Data items:
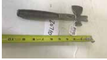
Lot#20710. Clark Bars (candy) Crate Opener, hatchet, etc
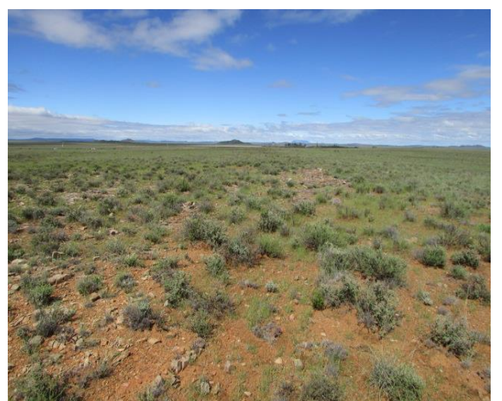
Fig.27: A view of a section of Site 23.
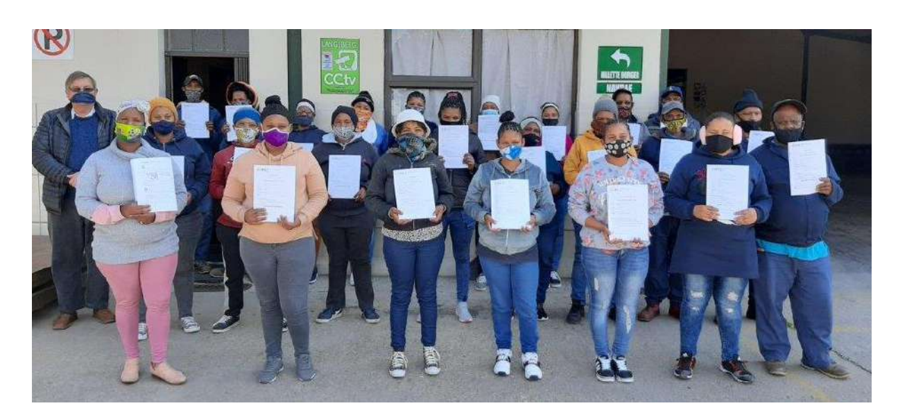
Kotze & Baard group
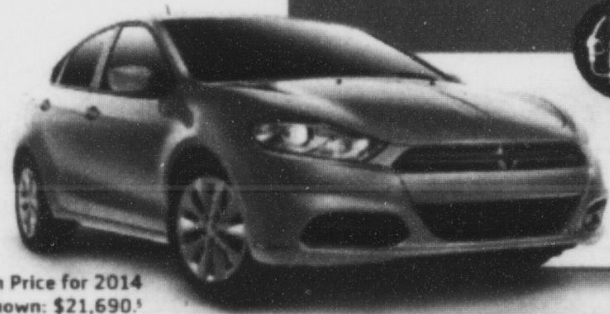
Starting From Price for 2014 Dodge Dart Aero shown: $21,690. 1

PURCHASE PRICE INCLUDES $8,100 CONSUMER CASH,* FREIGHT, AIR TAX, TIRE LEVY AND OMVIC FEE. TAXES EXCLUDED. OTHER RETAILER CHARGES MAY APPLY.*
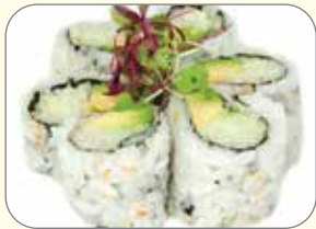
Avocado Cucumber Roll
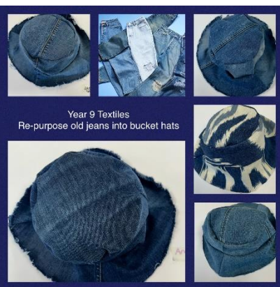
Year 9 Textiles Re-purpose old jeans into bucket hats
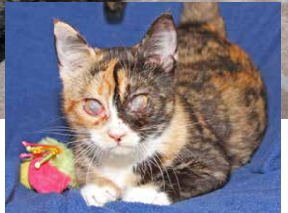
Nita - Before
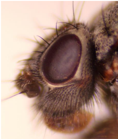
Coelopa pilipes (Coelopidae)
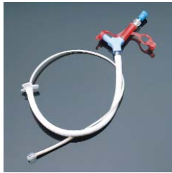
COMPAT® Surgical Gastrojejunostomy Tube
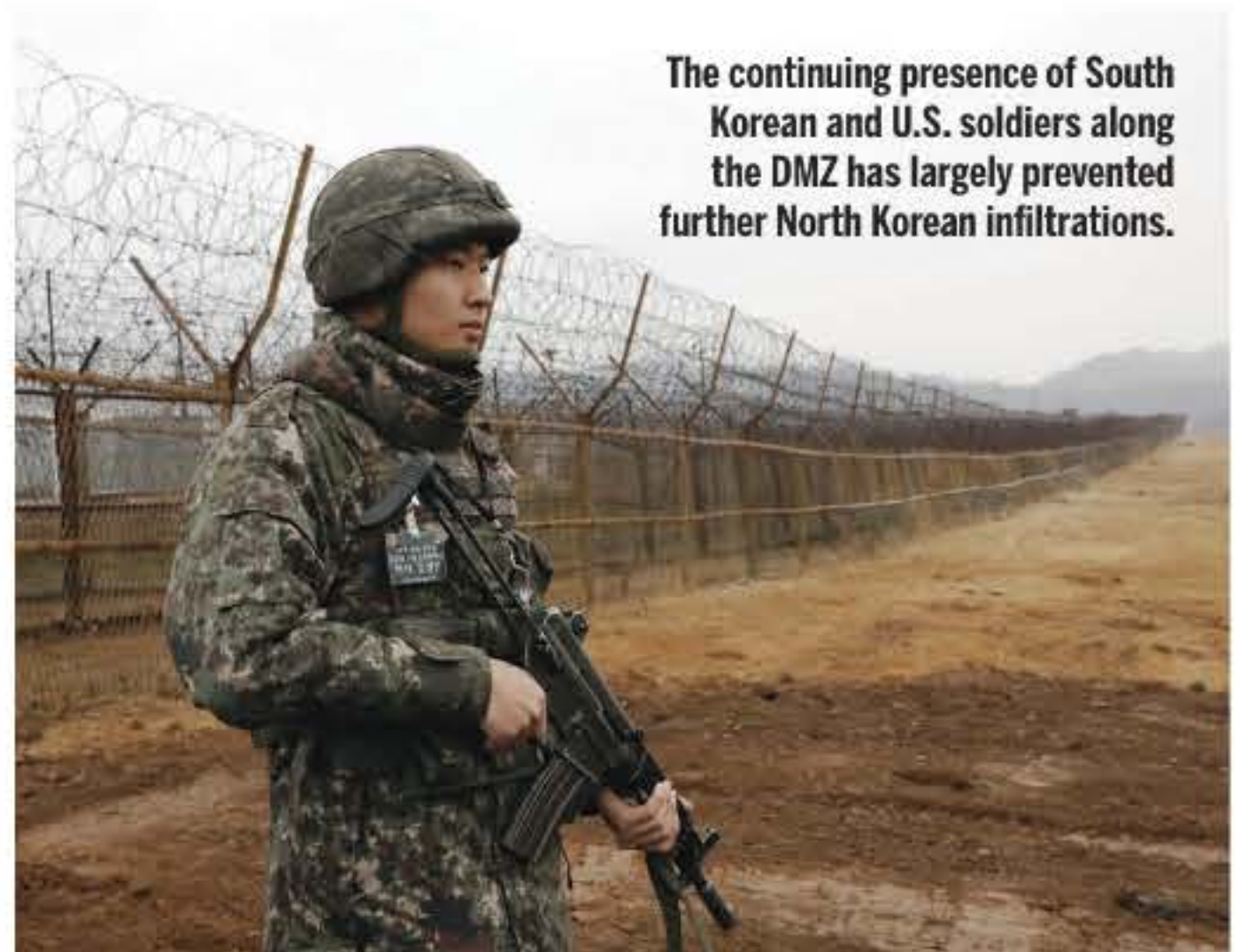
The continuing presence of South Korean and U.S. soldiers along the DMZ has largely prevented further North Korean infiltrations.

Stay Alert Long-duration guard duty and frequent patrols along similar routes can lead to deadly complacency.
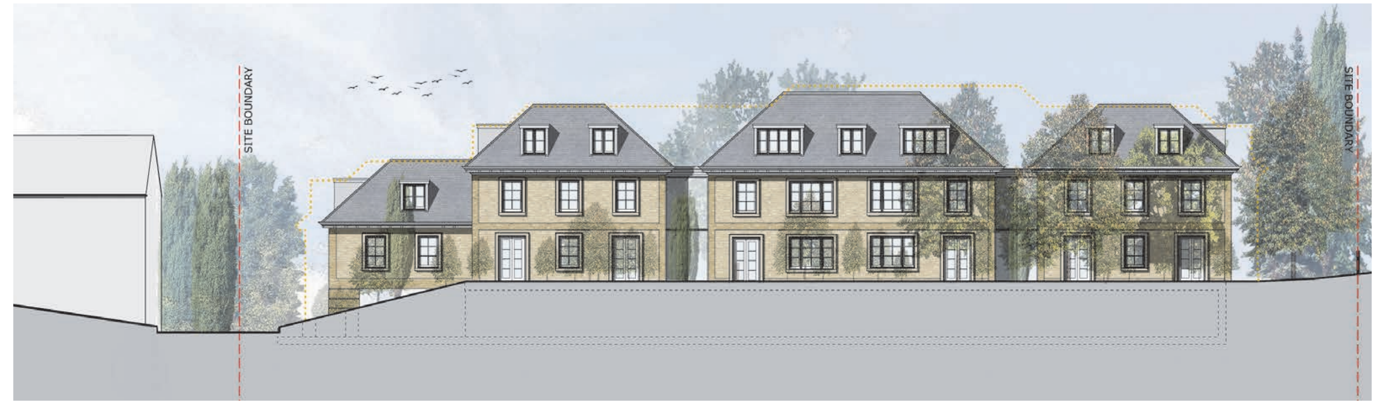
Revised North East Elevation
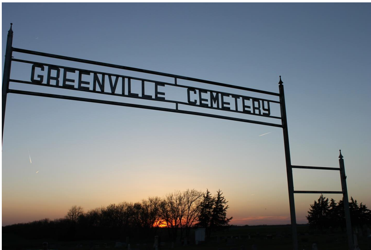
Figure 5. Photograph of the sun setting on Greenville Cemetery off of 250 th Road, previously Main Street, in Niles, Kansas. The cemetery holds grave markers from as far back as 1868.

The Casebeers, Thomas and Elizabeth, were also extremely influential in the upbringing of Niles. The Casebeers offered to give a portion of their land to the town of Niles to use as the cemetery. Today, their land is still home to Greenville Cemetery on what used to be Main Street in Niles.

[EXERCISE] Among the records above, locate the line containing "Kotze & Baard group" and the line containing "Revised North East Elevation", then transcribe exactly the lines starting at the first and ending at the second, with no pictures.

[THE ANSWER]
Kotze & Baard group
Starting From Price for 2014 Dodge Dart Aero shown: $21,690. 1

PURCHASE PRICE INCLUDES $8,100 CONSUMER CASH,* FREIGHT, AIR TAX, TIRE LEVY AND OMVIC FEE. TAXES EXCLUDED. OTHER RETAILER CHARGES MAY APPLY.*
Avocado Cucumber Roll
Year 9 Textiles Re-purpose old jeans into bucket hats
Nita - Before
Coelopa pilipes (Coelopidae)
COMPAT® Surgical Gastrojejunostomy Tube
The continuing presence of South Korean and U.S. soldiers along the DMZ has largely prevented further North Korean infiltrations.

Stay Alert Long-duration guard duty and frequent patrols along similar routes can lead to deadly complacency.
Revised North East Elevation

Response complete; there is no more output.